Dating My Son

Today, I decided to go on a date with my son. I am trying to do this once a month with each of my sons. My oldest one is super busy with “adulting”. However, my younger three are free for me to hang out with most days. I truly believe that kids, in general, need time with their mom and dad one on one. And I know that it is helping them in knowing that they are supported which makes them more grounded as independent individuals.

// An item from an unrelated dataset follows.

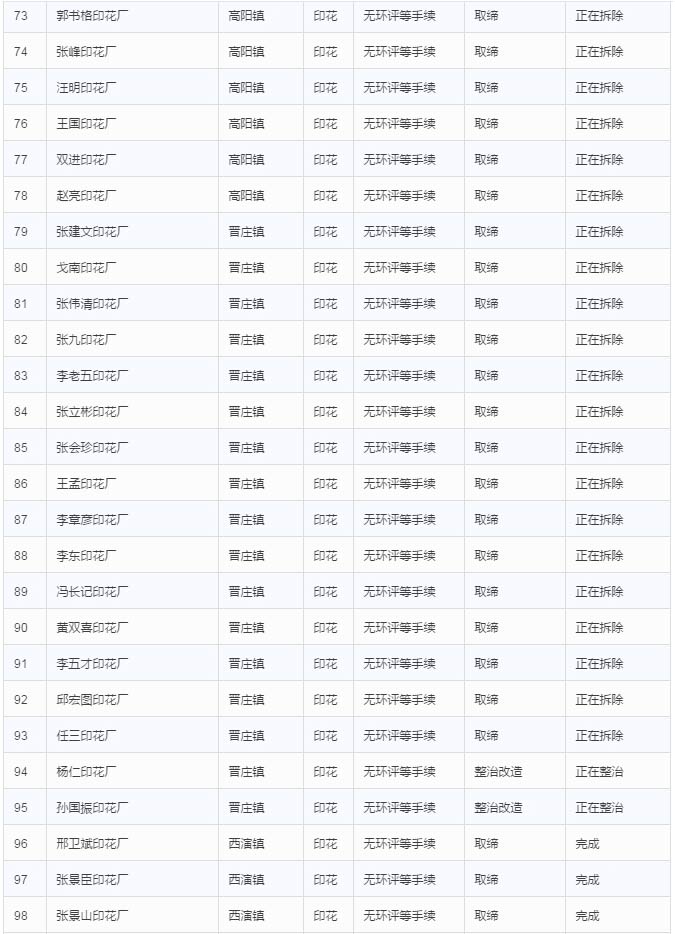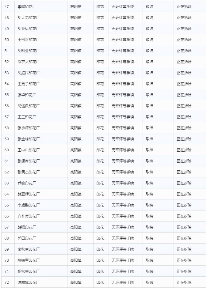 177家印染印花厂被取缔:河北高阳县是中国毛巾毛毯名城,1997年就被河北省政府命名为纺织强县,有中国最大毛巾专业市场——高阳县纺织商贸城,高阳县纺织博物馆是中国唯一的县级专业纺织博物馆。

My 11-year-old is my date today. We had some errands to run which included a trip to the thrift store to get a couple of pairs of pants for him. He has grown out of the “boy” size and into the “man” size of pants. It was “yellow tag” day there. At this certain thrift store, they have tags of different colors depending on when they put the item out to sell. Some tags are purple. Some are blue. Some are green, red, or orange. But today they have the yellow tags on sale, which means that the items with a yellow tag are $0.98 regardless of what the price on the tag states. This means my son can get a couple of shirts as well as pants. He took off in search of 3 shirts that he would like while I searched for pants in his size.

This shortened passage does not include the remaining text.